Price controls — an attempt to deal with Venezuela’s runaway hyperinflation — seem to have been an especially harmful policy. Pegging the prices of daily necessities at low levels led to shortages — everyone rushed out to buy the cheap stuff, leaving store shelves bare. The government then responded with the typical but misguided strategy of punishing those it deemed hoarders, which required the police to go around arresting anyone who seemed to have too much of a commodity. Unfortunately, since no one knows how much is too much, least of all the police, this generally leads to people being arrested for owning necessary amounts of things like food and toilet paper. This was especially hard on businesses, which were stuck in the middle. Everyone starts living in fear of the police, business can’t be done and the economy breaks down.

Could Venezuela’s troubles have been caused by the actions of foreign governments or corporations? The few remaining Chavez defenders (including Maduro) tend to make this claim, but it just doesn’t make much sense. The timing is all wrong — foreign efforts to discredit or overthrow Chavez were probably most intense when he was still alive. The 2015 oil price plunge was certainly a blow to Venezuela’s already ailing economy. Yet petrostates such as Russia and Iran have been only staggered, not knocked out, by the oil crash.

It seems much more likely that Venezuela has suffered a variant of the fate of other countries that turned to socialist revolutions. Cuba’s planned economy didn’t collapse, but it has stagnated for decades. India’s experiments with socialism also led to decades of slow growth, until 1990s reforms undid much of the damage. Yet, Cuba and pre-1990 India are wonderful outcomes compared with North Korea, which continues to be an impoverished nightmare state, or China under Mao Zedong. Eastern European economies also fared badly under their imposed Communist regimes.

Does this mean socialism is a failure? Certainly not. The economies of Germany, France, Denmark, Sweden, and the United Kingdom have their problems, but policies like nationalised health care haven’t prevented them from becoming rich, comfortable societies. Meanwhile, many of our most cherished economic institutions, like weekend breaks from work, overtime rules and Social Security, owe their existence to the socialist movements of the 19th and early 20th centuries.

So when does socialism fail, and when does it succeed? That’s a big question and any answer will necessarily be too glib, but I do sense a general pattern in the historical record. Countries that have implemented socialism gradually, by tweaking economic institutions and making reforms one by one, have generally stayed healthy. When socialism seemed to be hurting economic performance, countries could dial back redistribution and nationalisation before things got really bad. But when countries try to transition to an extreme socialism all at once, they almost always botch it. And since institutions tend to be persistent — “sticky”, in the lingo of economics — the errors of these socialist big bangs, once committed, usually prove hard to undo.

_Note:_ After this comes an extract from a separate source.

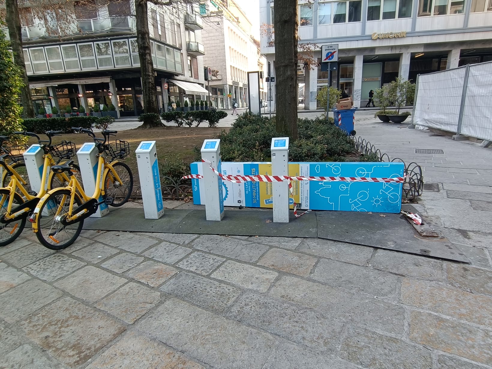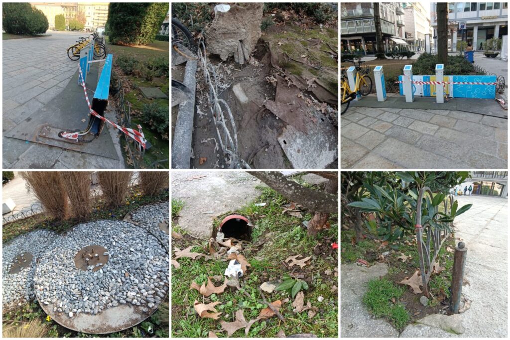 “Ad esempio – scrive Bottone – piazza Cavour è diventata solo una distesa di cemento e basta (se non occupata per qualche evento sporadico). La piazza principale di Como che si affaccia sul lago si presenta al degrado più assoluto tra topi morti, panchine spaccate, fontane non funzionanti e abbandonate, recinzioni rotte, stalli bici distrutti, cabine dell elettricità abbattute e così via”.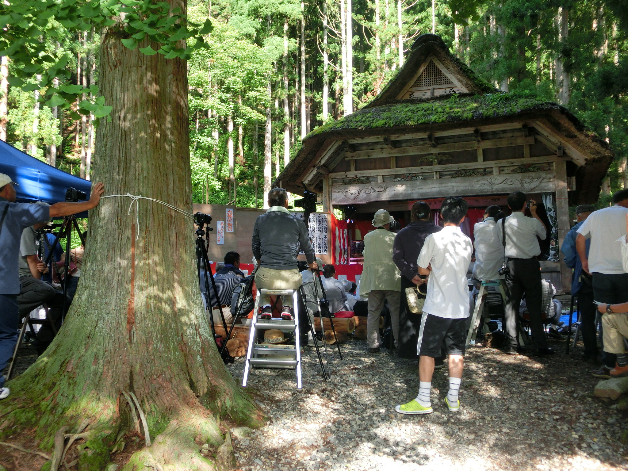 南会津町伊南地区大桃集落、駒嶽神社の境内にある「大桃の夢舞台」は、全国でも珍しい兜造りの茅葺き屋根を持つ舞台です。

That’s why it’s so important for the left to go slowly. Frustration with the political process, combined with years of free-market dominance, make many leftist thinkers eager to push the US abruptly in the opposite direction. When centre-left thinkers like Paul Krugman and Brad DeLong tried to restrain the excesses of economists who were over-hyping Bernie Sanders’ economic policy programme, many leftists accused them of “hippie-punching”, and claimed that their sensible approach would play into the hands of plutocrats.

But these criticisms are misplaced, and Venezuela shows why. The centre-left is the essential bulwark against the kind of aggressive policy mistakes that have doomed dozens of socialist revolutions to dysfunction and collapse. The historically successful approach to economic reform is to “cross the river by feeling the stones” — a phrase coined by Chinese leader Deng Xiaoping, who undid much of the economic damage done by his predecessors. Gradual reform, not revolution, is a proven winner when it comes to improving the lives of society’s least fortunate.

— Washington Post

Noah Smith is an assistant professor of Finance at Stony Brook University and a freelance writer for finance and business publications.